Michel Martelly
Michel MartellyDeciphering Haiti's president-elect
CBC News
Posted: Apr 5, 2011 3:31 PM ET
Last Updated: Apr 6, 2011 9:20 AM ET
Michel Martelly at his first press conference after winning the March 20 run-off vote in Port-au-Prince on April 5. (Thony Belizaire/AFP/Getty Images)
Haiti, recovering from a devastating earthquake in January 2010 and decades of government corruption, has elected one of its best-loved pop singers as president.
On Apr. 4, Haiti's electoral council announced that Michel Martelly won nearly 68 per cent of the vote in a March 20 run-off election.
Sweet Micky
The president-elect was born in Port-au-Prince to a middle-class family. Martelly had early aspirations of being a doctor but failed to get into medical school. He spent a good part of the 1980s in Lakewood, Colo., where he went to college and got a job in construction. He returned to Haiti in 1987, where he got work filling in on keyboards for a number of local bands. Having long had a gift for music, Martelly soon turned it into a livelihood.
Martelly released his first single, Ooh La La, in 1988, and under the moniker Sweet Micky, has become one of Haiti's most popular musical acts. Martelly is the self-dubbed president of kompas, a style of dance music sung in Haitian Creole, and is legendary for his exuberant, sometimes outré performances, which include wild costumes, burlesque and political satire.
Martelly has had a long association with Wyclef Jean, the Grammy-winning U.S.-Haitian musician who also had designs on the Haitian presidency before the country's electoral council ruled in August 2010 that he did not meet the eligibility criteria to run. His own hopes dashed, Jean campaigned on Martelly's behalf.
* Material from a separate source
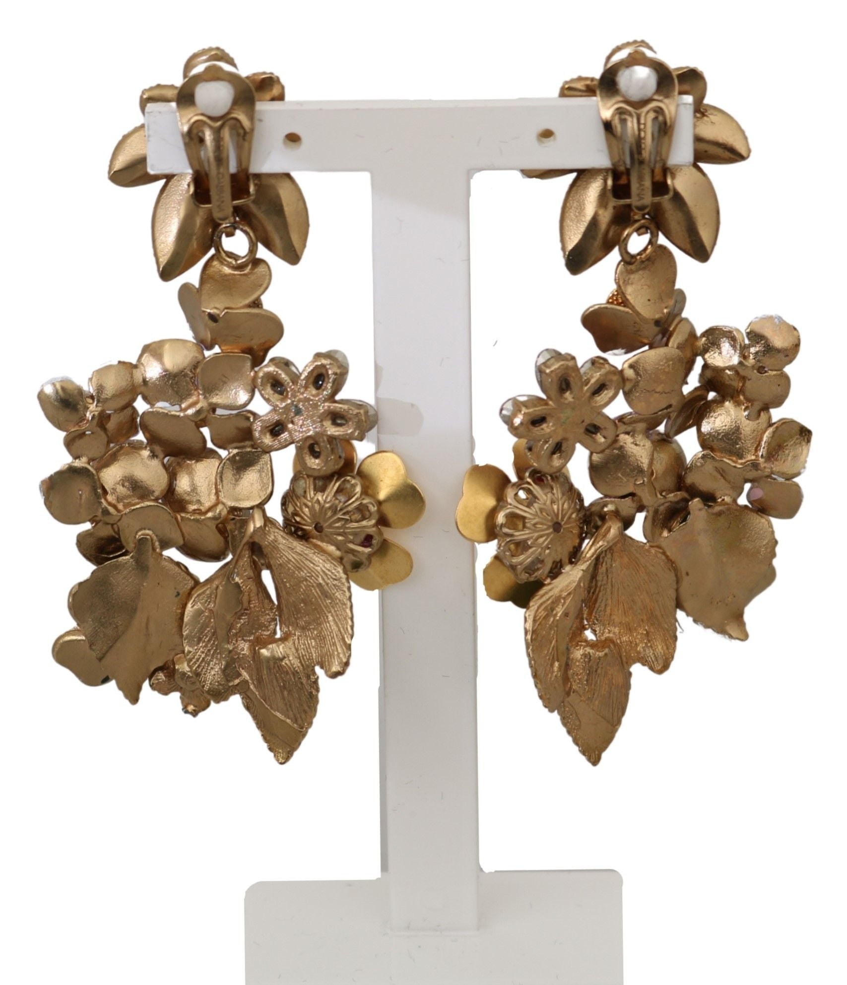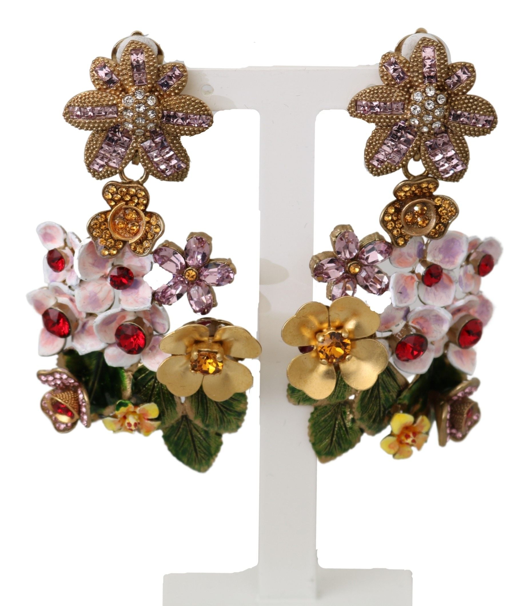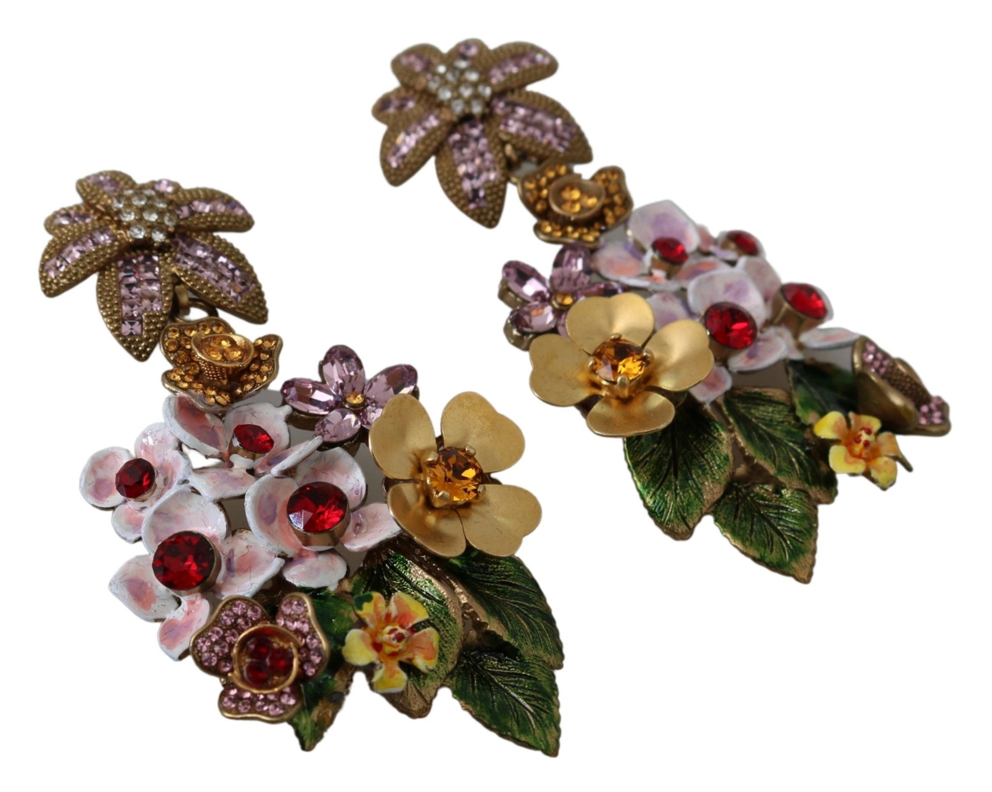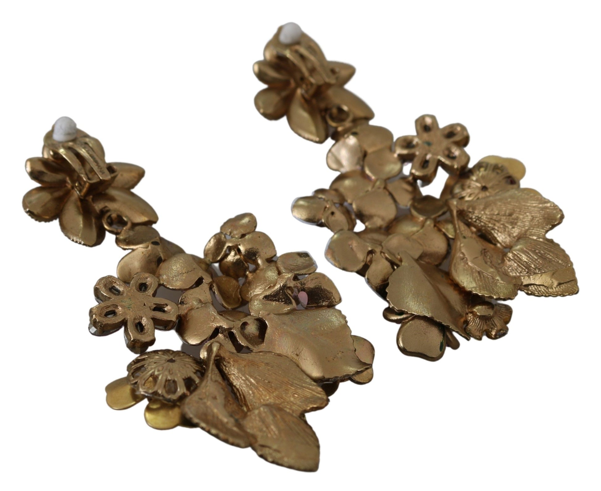 Indulge in Italian craftsmanship with these stunning Dolce & Gabbana Fiori Bouquet earrings. Adorned with a delicate mix of flowers, this pair radiates elegance and sophistication. Crafted from a blend of brass, glass, and crystals, they feature a gleaming gold-tone finish complemented by a colorful array of crystals. Perfect for adding a touch of glamour to any ensemble, these earrings are sure to make a statement.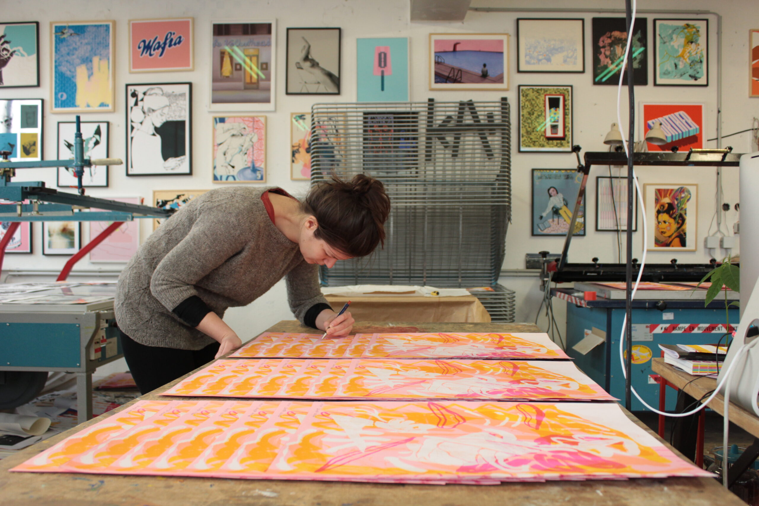 In der hauseigenen Siebdruckwerkstatt Printerhof produzieren wir Druckauflagen mit ausgewählten Künstler*innen. Durch die Begleitung von Siebdruckprojekten können wir demnach in Kooperation mit Kunstschaffenden über unsere vermittelnde Funktion hinauswachsen.

Martelly has four children with his wife and manager, Sophia Martelly, who was born in New York to Haitian parents. With her, he runs the Fondation Rose et Blanc, an aid organization for the poor, one of several charitable causes the singer has been involved with.
Political stripes
While he has enjoyed popularity as an entertainer, Martelly was a political outsider who initially had difficulty even finding a party to run for. Some observers wondered how this raucous pop star, known for swearing and drinking alcohol on stage, could be taken seriously as a politician in a nation still reeling from a earthquake that killed an estimated 300,000 people and a cholera outbreak that has taken an additional 4,000 lives.
But in a country where government provides little support and is rife with graft, Martelly's populist, anti-corruption platform struck a chord. Martelly campaigned on a pledge of profound change, vowing to offer free education for all and to create new economic opportunities.
Mirlande Manigat, the soft-spoken, Sorbonne-educated wife of former president Leslie Manigat, had the lead in the first round of voting in November 2010, which narrowed an electoral field of 18 candidates down to two for the runoff. But in December, Haiti was riven by riots over suspected voter fraud after the electoral council announced first-round results that initially excluded Martelly from the runoff.
The Organization of American States determined those results were erroneous and that the musician had come in second, giving him a spot on the run-off ballot. He won the run-off with a resounding 68 per cent of the vote.
Martelly is expected to take office in mid-May, once a two-week grace period that allows for appeals of election results has passed and his victory has been confirmed.
While Martelly won with a pledge to end government corruption and misrule, some press reports have questioned his commitment to democracy. During the 1980s, he ran a nightclub that was popular with officials in the government of dictator Jean-Claude "Baby Doc" Duvalier. A public critic of former president Jean-Bertrand Aristide, Martelly had known ties to the 1991 military coup that unseated Aristide and established the bloody military junta that ruled Haiti between 1991 and 1994.
In a 1997 article in the Miami Herald, journalist Elise Ackerman wrote, "Unlike other Haitian musicians... who risked their lives to criticize the de facto military government, Martelly spent the coup years entertaining leaders and their factotums."
His past political sympathies notwithstanding, Martelly is likely to face difficulties in affecting political change in a legislative system that still contains so many loyalists to outgoing President René Préval.